ABSTRACT

When prehistoric archaeology began as a discipline in Europe in the late 19th century, it was in a climate of nationalism. The nation states that were emerging, and agitating to emerge, from the decaying empires and fragmented principalities and dukedoms of Central Europe were looking for a charter to justify their existence and their romantic intellectuals had sought this in the past. It became apparent to them that the increasing quantities of what was now recognized as archaeological material that were being dug up as a result of expanding industrialization could potentially be used to trace a history of peoples into the remote past, if a relationship could be established between records of such peoples in ancient sources and sets

of material remains whose origins could then be traced still further back into the preliterate past.

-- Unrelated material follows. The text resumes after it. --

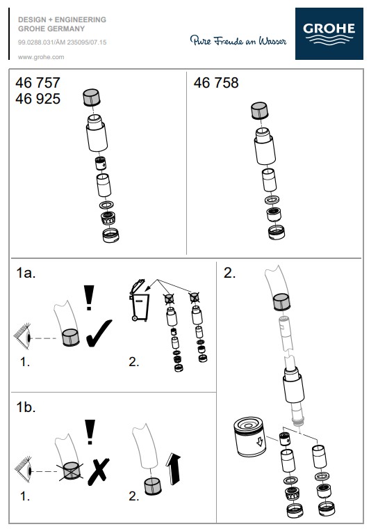 Grohe udtrækstud i krom - Passer til bl.a. Grohe Minta med vvs nr: 705787104 og Grohe nr: 32918000. Passer også til flere andre modeller.

It was soon clear that this involved two main descriptive tasks: identifying patterns of similarity and difference in space and placing them in time. This was archaeology as cultural history: identifying prehistoric cultures and putting them in order. It implied tracing histories of social information transmission and identifying breaks in transmission, spatial and chronological. The factors that were believed to produce the continuities and discontinuities in traditions were migration and diffusion. A new set of cultural material appearing in an area would be the result of a new migrating people. The spatial boundaries of the material would represent the territory occupied by that people, and when that type of archaeological material was in its turn replaced by something new this indicated the arrival of new people, with different traditions. Less radical changes, especially if they were apparently useful, such as the introduction of bronze metallurgy, could be explained by diffusion, the transmission of new information across existing populations.